* Recorded information
--

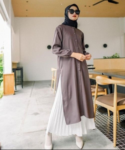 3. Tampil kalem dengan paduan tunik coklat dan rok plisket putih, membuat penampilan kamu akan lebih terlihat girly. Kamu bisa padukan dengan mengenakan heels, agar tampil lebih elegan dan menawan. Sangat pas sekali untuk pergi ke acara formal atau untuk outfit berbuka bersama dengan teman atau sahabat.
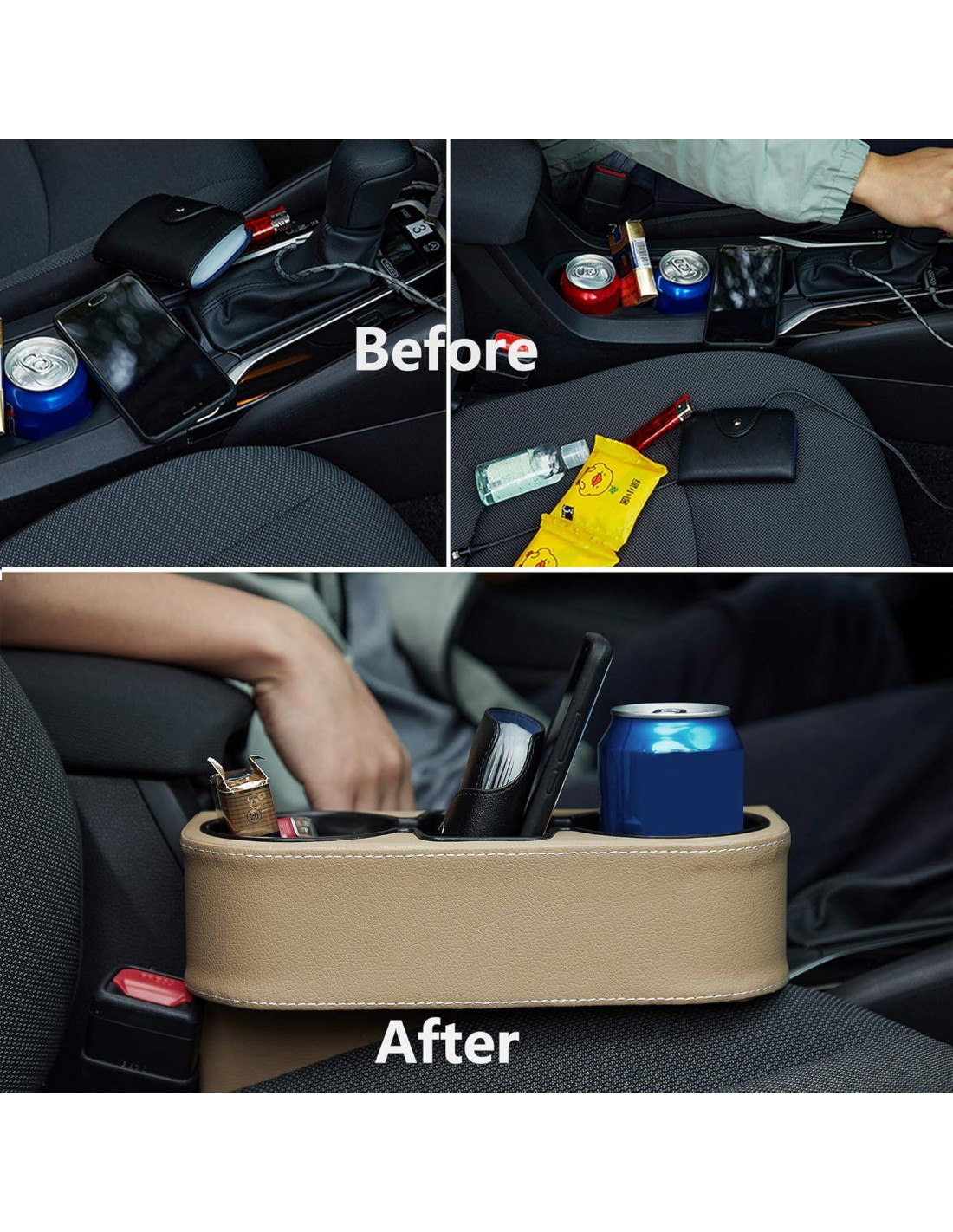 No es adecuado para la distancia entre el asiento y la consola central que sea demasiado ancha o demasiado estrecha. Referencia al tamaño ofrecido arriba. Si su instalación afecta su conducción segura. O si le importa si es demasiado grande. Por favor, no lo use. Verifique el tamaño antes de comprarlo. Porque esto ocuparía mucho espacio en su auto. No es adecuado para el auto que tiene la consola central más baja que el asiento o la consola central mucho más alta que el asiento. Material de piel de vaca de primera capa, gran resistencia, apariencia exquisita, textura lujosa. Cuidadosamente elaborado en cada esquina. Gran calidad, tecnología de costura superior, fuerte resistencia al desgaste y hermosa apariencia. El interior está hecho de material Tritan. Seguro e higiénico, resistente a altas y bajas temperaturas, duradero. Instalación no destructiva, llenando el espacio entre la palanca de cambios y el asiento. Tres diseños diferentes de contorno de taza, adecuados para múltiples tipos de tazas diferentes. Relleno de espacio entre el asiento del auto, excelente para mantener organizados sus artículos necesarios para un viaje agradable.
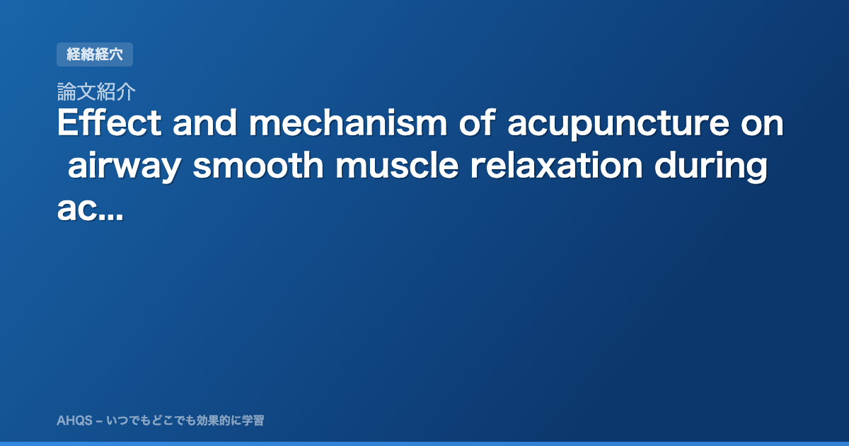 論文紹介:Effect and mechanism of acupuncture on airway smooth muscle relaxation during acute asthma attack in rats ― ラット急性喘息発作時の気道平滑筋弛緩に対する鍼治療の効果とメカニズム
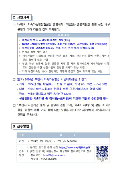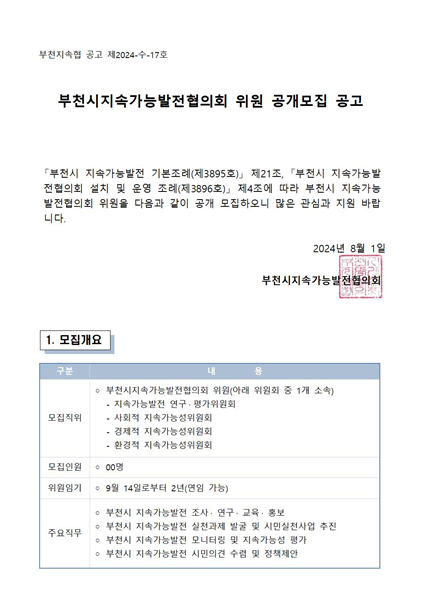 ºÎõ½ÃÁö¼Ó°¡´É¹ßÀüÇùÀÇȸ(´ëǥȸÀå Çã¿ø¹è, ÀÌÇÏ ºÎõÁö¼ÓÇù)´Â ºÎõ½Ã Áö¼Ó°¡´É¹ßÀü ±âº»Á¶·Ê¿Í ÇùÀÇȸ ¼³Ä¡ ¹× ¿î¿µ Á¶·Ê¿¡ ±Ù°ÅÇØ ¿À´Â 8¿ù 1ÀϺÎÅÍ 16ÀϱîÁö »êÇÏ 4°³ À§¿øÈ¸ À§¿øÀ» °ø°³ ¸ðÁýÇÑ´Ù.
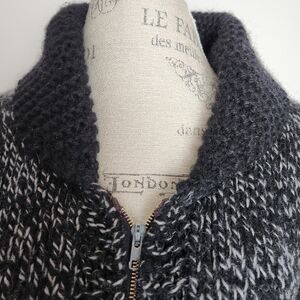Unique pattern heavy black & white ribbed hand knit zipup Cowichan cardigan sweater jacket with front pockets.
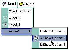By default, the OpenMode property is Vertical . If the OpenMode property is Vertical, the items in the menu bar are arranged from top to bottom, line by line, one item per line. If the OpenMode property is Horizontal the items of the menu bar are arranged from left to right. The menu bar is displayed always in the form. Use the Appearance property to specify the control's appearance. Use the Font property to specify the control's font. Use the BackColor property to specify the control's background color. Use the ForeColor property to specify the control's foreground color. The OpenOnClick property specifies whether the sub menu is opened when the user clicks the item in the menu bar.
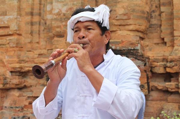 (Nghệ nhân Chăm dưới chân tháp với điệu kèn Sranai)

--

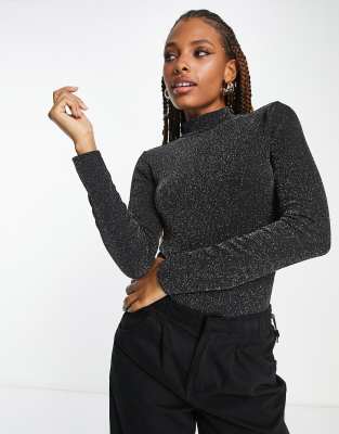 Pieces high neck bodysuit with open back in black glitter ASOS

--

* Your instructions
Would you copy the lines above exactly, starting with the one that has "Unique pattern heavy" and ending with the one that has "(Nghệ nhân Chăm", both included, without the pictures?

* Written reply
Unique pattern heavy black & white ribbed hand knit zipup Cowichan cardigan sweater jacket with front pockets.
By default, the OpenMode property is Vertical . If the OpenMode property is Vertical, the items in the menu bar are arranged from top to bottom, line by line, one item per line. If the OpenMode property is Horizontal the items of the menu bar are arranged from left to right. The menu bar is displayed always in the form. Use the Appearance property to specify the control's appearance. Use the Font property to specify the control's font. Use the BackColor property to specify the control's background color. Use the ForeColor property to specify the control's foreground color. The OpenOnClick property specifies whether the sub menu is opened when the user clicks the item in the menu bar.
 (Nghệ nhân Chăm dưới chân tháp với điệu kèn Sranai)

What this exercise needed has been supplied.